Callings and Momhood

9781620205822.jpg

Reading mothering books while trying to be a mother is, regrettably, not very high on my list of priorities. The book The High Calling of Motherhood, written by Chimene Shipley Dupler happens to be one of only a small handful of books I've read on being a mom. It was encouraging, then, to find that within 36 pages of her book a common idea was being unfolded in a was that truly struck me for the first time. Instead of paraphrasing, I'll just quote her directly:

You have been handpicked by God Almighty to be the mother of your children. You were chosen to be the mother to the very children that you call your own, whether biological or through adoption. It has been known and planned by God from the foundations of the earth. Our God is an intentional God. The gift of motherhood is not an accident. There has been no mistake. You have been chosen and called to be the mother of your sons and daughters.

There is so much detail in the intricacy of cells coming together to become a human life as each child is knit together with such care and attention in our wombs. With that same precision, God gave you the exact children He planned for you from the foundations of the world. Being chosen adds an extreme soberness to the responsibility we have as mothers. God is entrusting us with the care and training of our children. When we stop long enough to let that marinate, we can understand more fully the honor and responsibility we have been given by God Himself ...

If God chose me to be the mother of my three daughters, then He is going to provide me with the resources that I need to fully care for them as unique individuals. (pg 36). 

Psalm 139 says: 

15 My frame was not hidden from you,
when I was being made in secret,
intricately woven in the depths of the earth.
16 Your eyes saw my unformed substance;
in your book were written, every one of them,
the days that were formed for me,
when as yet there was none of them.

I'd read and heard those verses countless times, but I'd never thought of them from a mother's perspective. God intricately wove my two children together in my womb. Before he even started that process, he knew the days of my children's lives and how each day would be spent. He saw every precious second tick by and knew what the futures of my children would hold before they had even begun being formed inside my belly.

God knew that at 17 months little Kev would be cutting four molars, battling the flu, suffering from an ear infection and taking over our bed every night due to that winning combination. He knew that our little daughter, barely nine weeks into her life, would be experiencing the final flutters of her heart, experiencing the last seconds of being inside her mother, and opening her new, perfect eyes to see the face of Jesus at about that same time.

God knew her entire, short life's story before she came into existence. He know's little Kev's story, from beginning to end. He knows our future children's names and personalities, their very DNA, and they aren't even part of our family portrait yet. 

He knows them and chose me to be their mother.
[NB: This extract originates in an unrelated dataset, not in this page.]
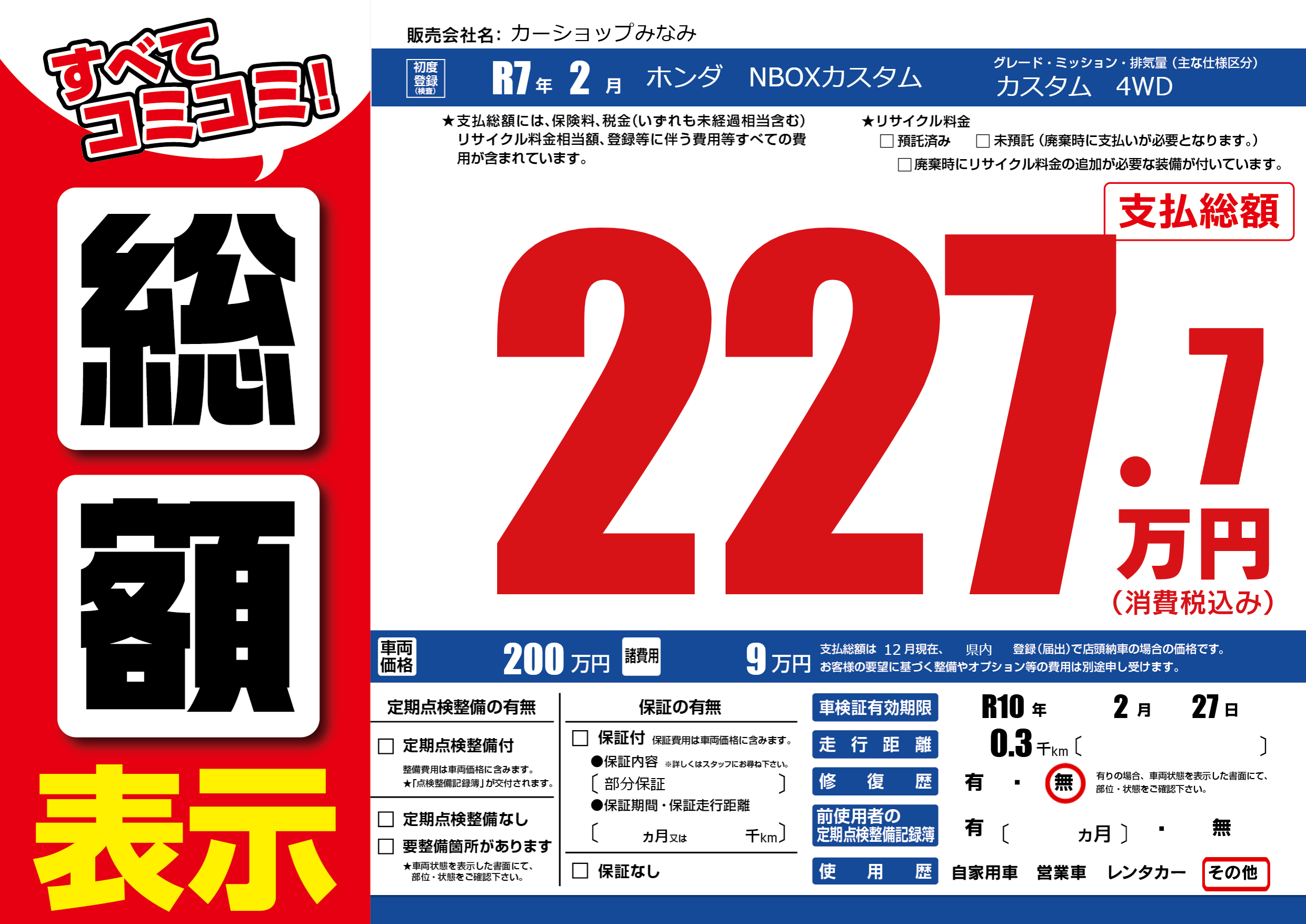 | 走行キロ | - | 初年度登録 | R7年2月 |

He knows both little Kev's strengths and mine, both his weaknesses and mine, and he chose me to raise little Kev to manhood. Dupley states in the last paragraph that because of all of this, "[God will] provide me with the resources that I need to fully care for [my daughters] as unique individuals." 

God's choosing to put these children into my care and under my authority means that I am the best person for the job of being the mother of my children, and he makes sure I can handle this calling by giving me all the equipment I need within the person of Jesus. 
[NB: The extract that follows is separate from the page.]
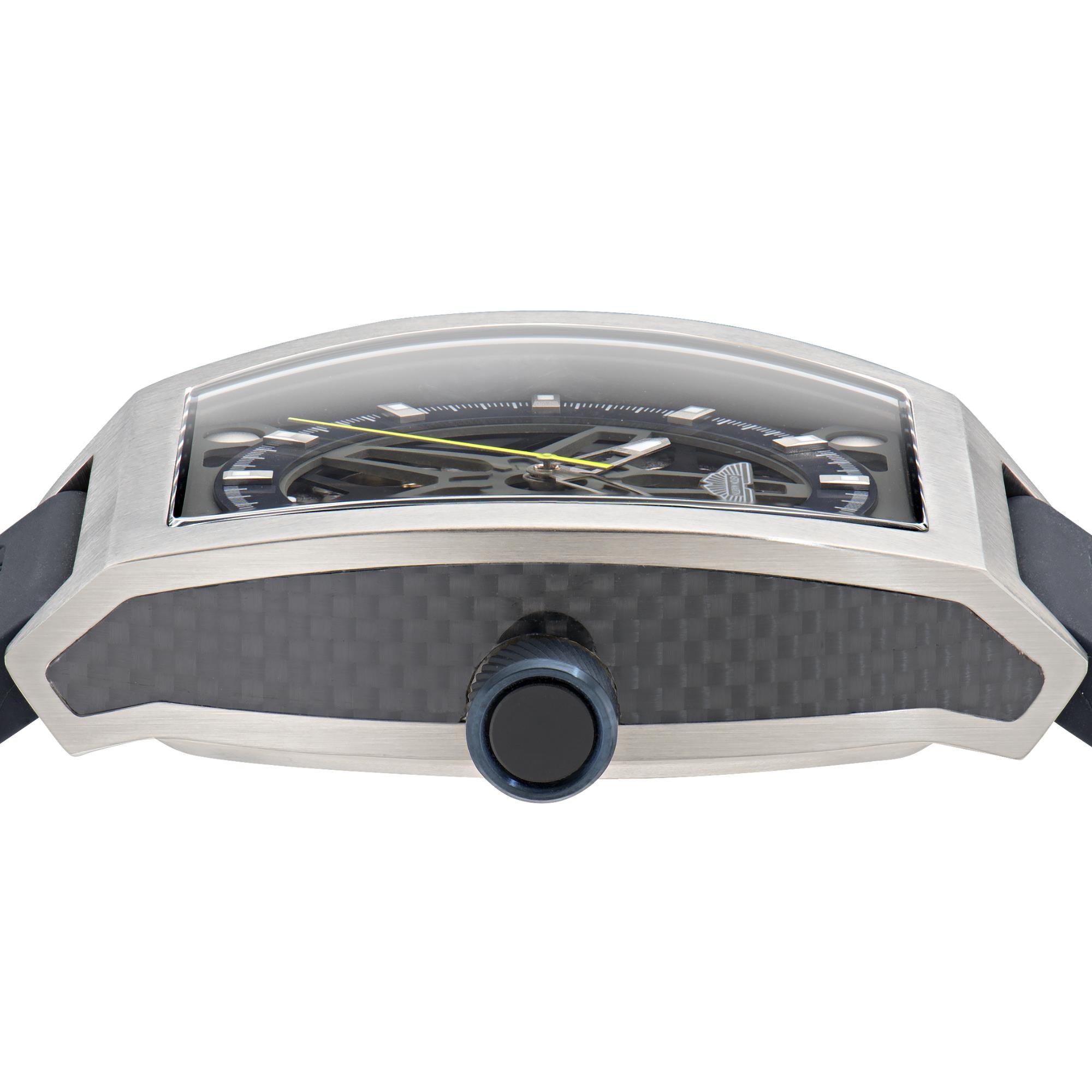 The Aston Martin AML THRILL TRG MTRT1F503 delivers bold performance with refined sport-luxury detailing. Its 41 mm tonneau-shaped case in recycled stainless steel integrates titanium and carbon fibre elements, striking the perfect balance between strength and elegance. The open skeleton dial, inspired by the DBS GT Zagato wheel rims, reveals the automatic movement beneath, while the Podium Green rotor remains visible through the transparent case back—an unmistakable tribute to Aston Martin’s racing DNA.

I'm not good at reading books on momming. I'm not good at reading any books in the nonfiction realm, actually. I get bored quickly, and I blame it on having to have a mind that is constantly trying to keep up with my son, manage a home, and maintain business, family, and friend relationships. Due to these things it was an encouragement to pick up this book (extremely hesitantly, I might add), reach page 36, and be so beautifully reminded of the highness of my calling to motherhood, the weightiness of responsibility on my shoulders, and the One who offers to carry all my burdens if I will only give them over. Being a mother is the toughest, most heart-breaking, most joy-filled, most satisfying, most exhausting job in the world, and I've never been happier or more honored to call a job MINE.